TOMBEE DES NUES
Helena fuyait sans regarder derrière elle. La honte la submergeait mais elle ne pouvait plus faire marche arrière. Elle n'avait pas pris le temps d'enfiler des vêtements chauds en quittant le château et ne portait que sa chemise, vêtement bien insuffisant pour l'altitude à laquelle elle volait à présent. Ses pieds se couvraient de givre, ses doigts bleuis agrippaient le manche, ses épaules dénudées tremblaient dans le vent.
Mais le diadème d'or rouge posé sur sa tête, tel un entrelacs de rayons du soleil couchant, l'empêchait de remettre les pieds à Hogwarts*. L'école où elle était née était pour elle fermée à jamais.
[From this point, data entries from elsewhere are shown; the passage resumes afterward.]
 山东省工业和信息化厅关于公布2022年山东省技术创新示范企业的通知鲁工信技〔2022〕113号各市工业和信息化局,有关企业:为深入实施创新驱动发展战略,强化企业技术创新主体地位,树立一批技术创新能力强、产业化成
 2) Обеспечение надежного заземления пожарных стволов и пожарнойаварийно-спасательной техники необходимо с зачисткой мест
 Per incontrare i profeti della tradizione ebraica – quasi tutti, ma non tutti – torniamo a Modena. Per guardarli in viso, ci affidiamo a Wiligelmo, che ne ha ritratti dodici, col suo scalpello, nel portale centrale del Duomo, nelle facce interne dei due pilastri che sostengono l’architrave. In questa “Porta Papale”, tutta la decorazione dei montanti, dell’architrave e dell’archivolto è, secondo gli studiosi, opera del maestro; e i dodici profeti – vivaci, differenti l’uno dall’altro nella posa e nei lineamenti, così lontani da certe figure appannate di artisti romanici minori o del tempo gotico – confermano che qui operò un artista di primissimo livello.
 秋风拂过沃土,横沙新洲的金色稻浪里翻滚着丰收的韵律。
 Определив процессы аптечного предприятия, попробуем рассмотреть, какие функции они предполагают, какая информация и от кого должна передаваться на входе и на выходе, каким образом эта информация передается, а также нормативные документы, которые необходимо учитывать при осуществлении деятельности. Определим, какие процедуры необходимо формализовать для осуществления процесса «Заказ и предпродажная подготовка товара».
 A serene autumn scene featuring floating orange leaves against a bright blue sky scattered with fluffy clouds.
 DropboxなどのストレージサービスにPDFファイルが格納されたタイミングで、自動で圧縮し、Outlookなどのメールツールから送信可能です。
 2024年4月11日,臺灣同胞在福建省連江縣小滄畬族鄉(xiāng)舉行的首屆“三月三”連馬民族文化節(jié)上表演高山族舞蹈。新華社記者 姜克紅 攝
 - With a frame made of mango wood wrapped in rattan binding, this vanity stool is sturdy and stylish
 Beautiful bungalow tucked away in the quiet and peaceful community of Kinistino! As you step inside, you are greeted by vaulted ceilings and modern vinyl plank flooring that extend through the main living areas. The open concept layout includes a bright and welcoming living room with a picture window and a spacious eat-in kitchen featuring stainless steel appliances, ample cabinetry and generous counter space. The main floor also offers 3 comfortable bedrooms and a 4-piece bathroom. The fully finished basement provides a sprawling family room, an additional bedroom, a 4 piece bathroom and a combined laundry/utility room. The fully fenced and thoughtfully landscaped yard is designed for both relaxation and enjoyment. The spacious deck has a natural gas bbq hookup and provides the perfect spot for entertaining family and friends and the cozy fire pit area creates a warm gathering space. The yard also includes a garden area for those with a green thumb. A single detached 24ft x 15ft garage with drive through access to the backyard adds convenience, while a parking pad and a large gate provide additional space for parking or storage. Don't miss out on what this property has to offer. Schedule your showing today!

Plus jamais elle n'errerait dans l'immense bibliothèque plus jamais elle n'écouterait les histoires de Tante Helga plus jamais elle n'admirerait Oncle Godric manier sa grande épée devant des élèves émerveillés plus jamais elle n'entendrait parler de Salazar, ce père qui les avaient tous abandonnés et qu'elle n'avait jamais connu plus jamais elle ne verrait sa mère sourire devant l'intelligence des jeunes sorciers auxquels elle prodiguait son enseignement.
Et les larmes d'Helena Ravenclaw** gelaient sur son visage.
Elle était descendue bien au Sud et apercevait la mer au loin quand elle vit soudain surgir un immense oiseau qui volait droit vers elle. Elle tenta de l'éviter en plongeant en piqué mais, peu habituée au maniement d'un balai, elle ne réussit pas à redresser. Le sol s'approchait de plus en plus rapidement. Paniquée, elle tira sur le manche de toutes ses forces et réussit à stopper sa chute à quelques mètres au-dessus d'une place de marché. Mais l'effort l'avait déséquilibrée et elle glissa. Sa chemise s'accrocha aux brindilles et se déchira sur toute la longueur.
Pendant un instant qui lui parut une éternité, elle resta suspendue dans les airs, retenue par quelques centimètres de tissu. Un cri retentit sous elle. Des centaines de têtes se levèrent au moment même où elle tombait des nues, toute nue et les quatre fers en l'air.
Fort heureusement pour elle, Helena, si elle était une femme d'une grande beauté, n'était pas la sorcière la plus mince qui ait jamais existé. De ce fait, tombée sur la partie la plus charnue de son individu, elle ne se fit guère mal et fut à même de se relever avant que quiconque eut osé s'approcher d'elle.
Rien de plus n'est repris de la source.